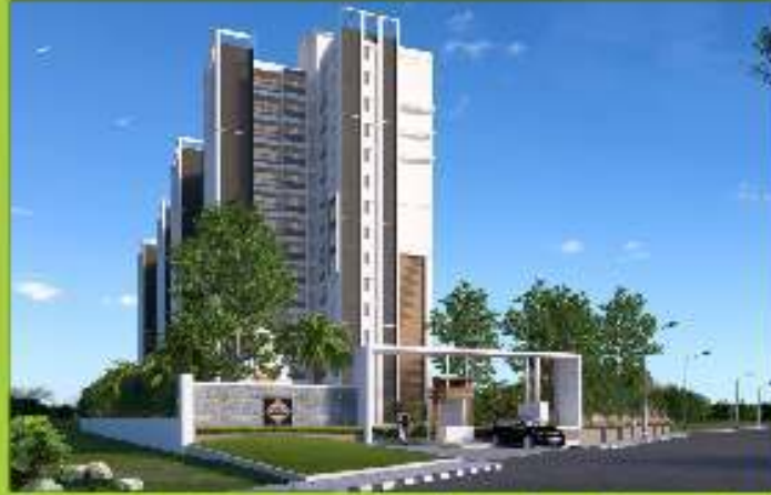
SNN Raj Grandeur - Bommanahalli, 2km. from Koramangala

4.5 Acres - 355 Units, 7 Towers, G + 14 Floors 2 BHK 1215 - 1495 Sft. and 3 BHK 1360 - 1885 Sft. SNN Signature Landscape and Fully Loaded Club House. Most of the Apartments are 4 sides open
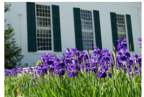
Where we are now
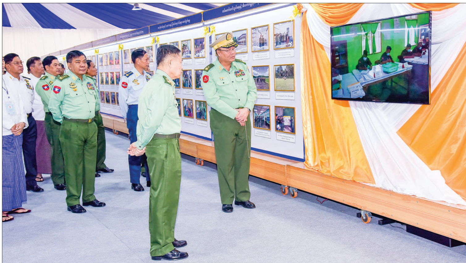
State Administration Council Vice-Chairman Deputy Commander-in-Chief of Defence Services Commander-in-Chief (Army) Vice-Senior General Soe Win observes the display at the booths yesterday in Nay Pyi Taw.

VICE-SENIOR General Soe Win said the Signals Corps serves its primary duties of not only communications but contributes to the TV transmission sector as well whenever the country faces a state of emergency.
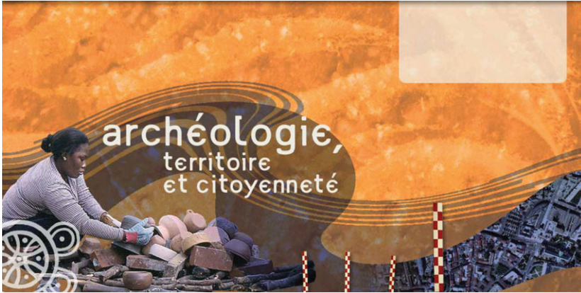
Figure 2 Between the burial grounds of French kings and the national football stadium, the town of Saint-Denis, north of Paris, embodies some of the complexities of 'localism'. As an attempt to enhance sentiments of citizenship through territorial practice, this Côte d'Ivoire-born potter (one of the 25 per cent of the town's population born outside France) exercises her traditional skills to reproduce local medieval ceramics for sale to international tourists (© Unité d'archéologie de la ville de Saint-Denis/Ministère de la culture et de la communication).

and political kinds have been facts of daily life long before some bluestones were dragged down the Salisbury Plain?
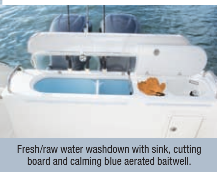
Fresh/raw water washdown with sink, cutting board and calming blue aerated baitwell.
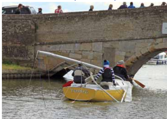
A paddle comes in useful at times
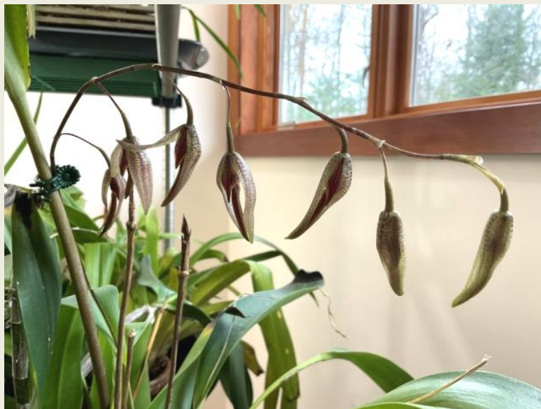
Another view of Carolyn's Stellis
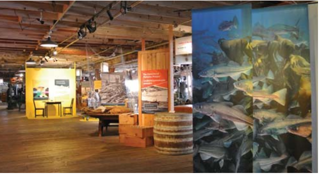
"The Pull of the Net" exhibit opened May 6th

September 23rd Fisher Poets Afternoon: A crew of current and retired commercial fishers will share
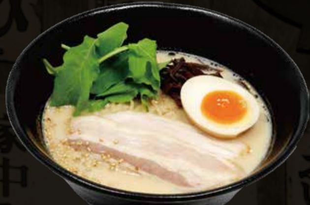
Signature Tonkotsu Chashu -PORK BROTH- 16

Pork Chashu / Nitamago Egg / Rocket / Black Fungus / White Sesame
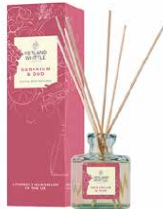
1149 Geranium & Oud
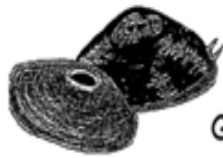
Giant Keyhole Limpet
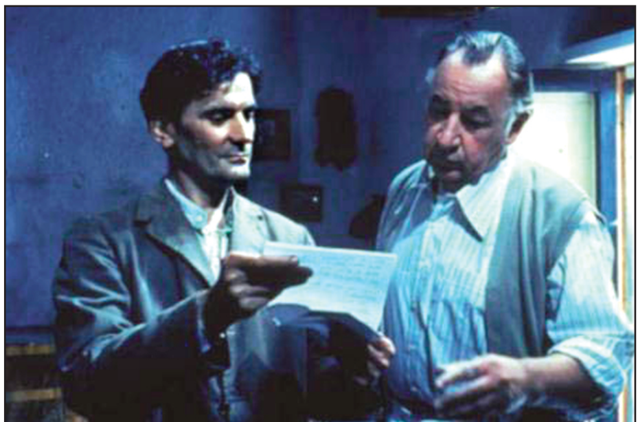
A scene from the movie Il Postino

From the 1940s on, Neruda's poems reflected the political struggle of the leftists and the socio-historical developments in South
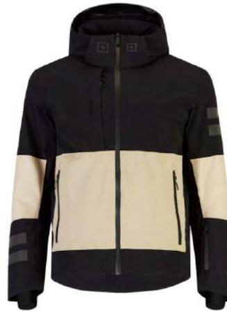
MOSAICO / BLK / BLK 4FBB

Work instructions — Your reply should consist solely of the lines above, from the opening line through the line with "VICE-SENIOR General Soe Win said", reproduced exactly and without pictures.

Expected answer —
SNN Raj Grandeur - Bommanahalli, 2km. from Koramangala

4.5 Acres - 355 Units, 7 Towers, G + 14 Floors 2 BHK 1215 - 1495 Sft. and 3 BHK 1360 - 1885 Sft. SNN Signature Landscape and Fully Loaded Club House. Most of the Apartments are 4 sides open
Where we are now
State Administration Council Vice-Chairman Deputy Commander-in-Chief of Defence Services Commander-in-Chief (Army) Vice-Senior General Soe Win observes the display at the booths yesterday in Nay Pyi Taw.

VICE-SENIOR General Soe Win said the Signals Corps serves its primary duties of not only communications but contributes to the TV transmission sector as well whenever the country faces a state of emergency.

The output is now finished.